Another spike in oil to fresh record highs — despite US stockpile figures which should have eased some of the concerns over supply — added to concerns over the likely inflation impact of prices now expected by some to hit 150 or even 200 dollars.
Dealers said a weaker euro helped some of the exporters while both the European Central Bank and the Bank of England were expected to leave interest rates on hold at their meetings on Thursday.
In London, the FTSE 100 index was up 0.74 percent at 6261.00 points. In Paris, the Cac 40 rose 0.68 percent to 5075.31 points and in Frankfurt the Dax put on 0.84 percent at 7076.25 points.
The Euro Stoxx 50 index of leading eurozone shares was up 0.69 percent.
The euro was at 1.5375 dollars.
In Asian trade, Japanese stocks rose 0.38 percent to their highest level in almost four months but Hong Kong slumped 2.48 percent after heavy losses in the mainland Chinese markets.
On Wall Street, shares were lower as investors turned cautious on the oil price lead and digested news that telecoms giant Sprint Nextel and Clearwire were joining forces on emerging WiMax wireless Internet technology.
The Dow Jones Industrial Average was down 0.48 percent at around 4.15pm GMT.
"Inflation fears are highlighting early activity as Federal Reserve Bank of Kansas City President Thomas Hoenig said that rising inflationary pressures are 'troublesome' and a 'serious' matter, and now stand at 'unacceptably high levels,'" analysts at Schaeffers Research wrote in a briefing note.
Some economists fear that rocketing oil prices could crimp US economic growth which has been threatened by a long-running housing market slump and a related credit squeeze.
At the same time, first quarter data on labour productivity showed a marked gain, offering some reassurance that prices can be kept in check.
In London, the feature of the day was a gain of 29.2 percent to 510 percent for Enterprise Inns after it said it could change into a property investment company.
British American Tobacco rose 2.89 percent to 1,994 pence after reporting a 21 percent gain in first quarter earnings.
Low cost carrier easyJet was up 3.11 percent to 306.75 pence despite a tripling of losses in its first quarter as investors looked instead at positive outlook guidance from the company.
In Paris, dealers said sentiment got a boost after strong results from Lafarge eased concerns over earnings despite the uncertainties created by the US subprime home loan crisis.
At the same time, gains in the dollar against the euro offered some breathing space for the exporters, with dealers suggesting further US interest rate cuts are now unlikely.
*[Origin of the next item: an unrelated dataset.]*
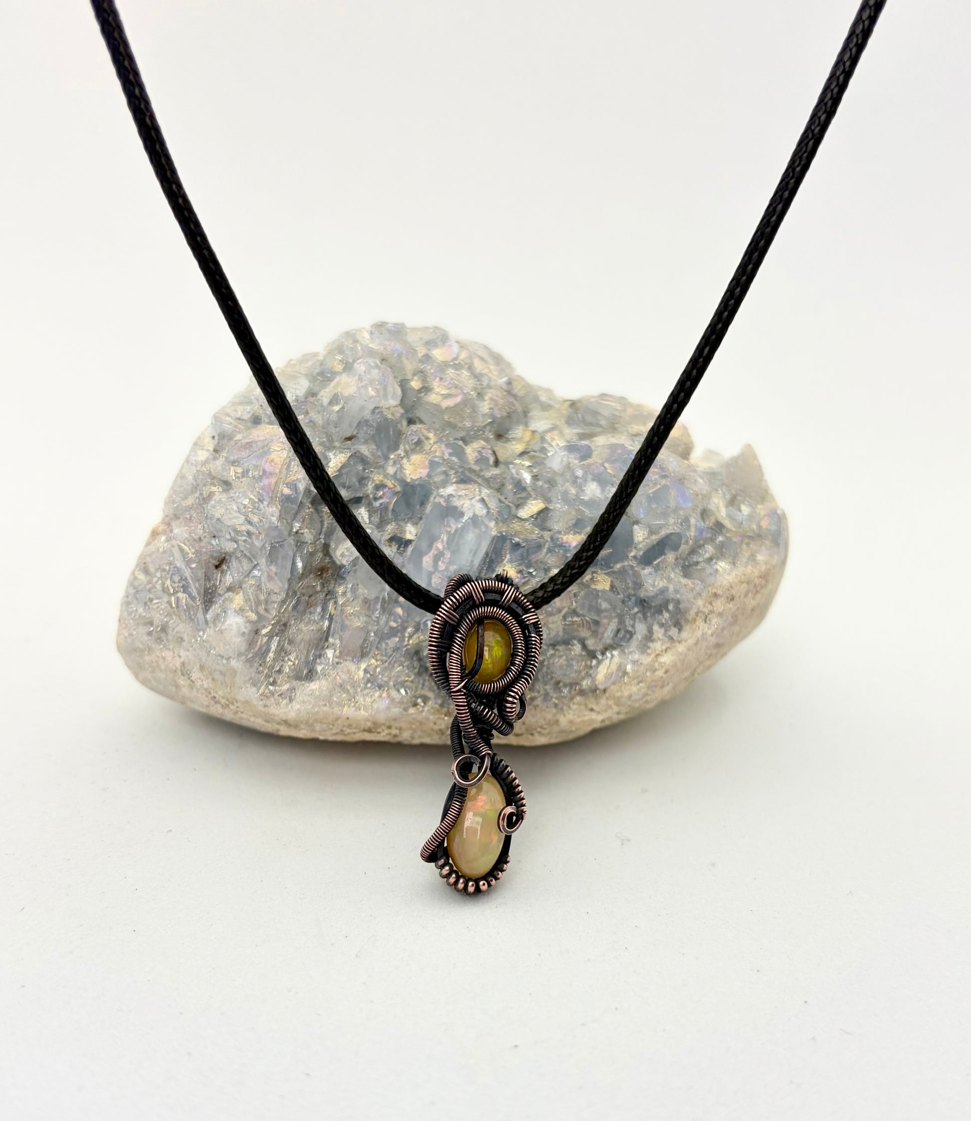 Double Trouble Opal – Copper Wire Wrapped Necklace

Cement maker Lafarge jumped 5.06 percent to 120.50 euros after reporting a 49 percent increase in first quarter earnings while advertiser JCDecaux gained 7.24 percent to 20 euros after it increased its full-year forecasts.
In Frankfurt, solid results — outside the banking sector — kept the tone positive, dealers said.
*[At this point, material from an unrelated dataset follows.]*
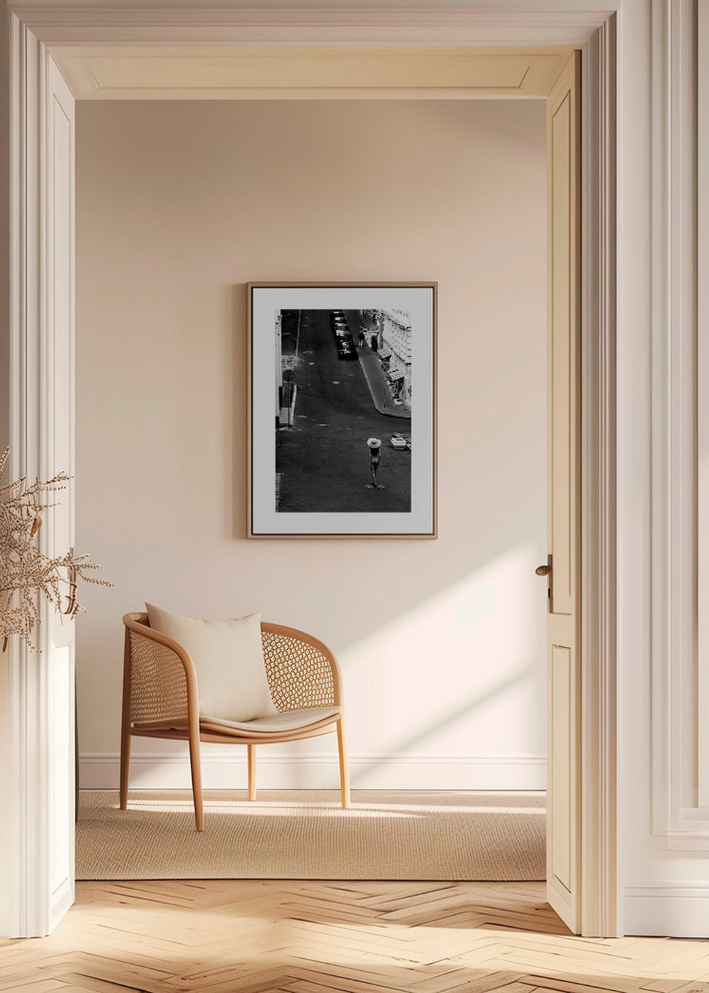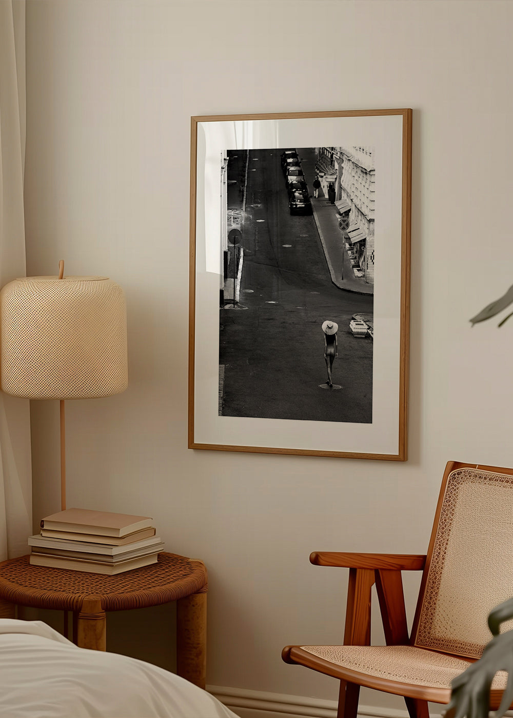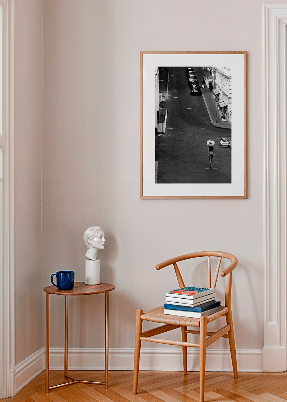 Si vous sélectionnez l'option passe-partout, nous ajouterons le tableau blanc mat au cadre, et nous réduirons le dessin de l'œuvre. Par exemple, si vous sélectionnez un tirage au format 50x70 cm, avec un cadre et un passe-partout couleur chêne, nous réduirons le dessin du tirage au format précédent (40x50cm). Ainsi, il s'adaptera parfaitement à la fenêtre intérieure du passe-partout.

"The analysts are simply ignoring the bad news," said Mirko Phillep of Helaba bank, citing Commerzbank which rose despite more problems due to the US sub-prime crisis.
Germany's second largest bank rose 1.63 percent to 23.67 euros despite reporting a 54 percent slump in first quarter net profit.
Dealers said the fact that Commerzbank's results were as expected and contained no fresh bad news helped.
Elsewhere in Europe, the Bel-20 in Belgium was up 0.42 percent, Madrid's Ibex-35 added 0.15 percent, Italy's Mib-30 put on 0.82 percent, the AEX in Amsterdam rose 0.97 percent and the Swiss Market Index gained 1.27 percent.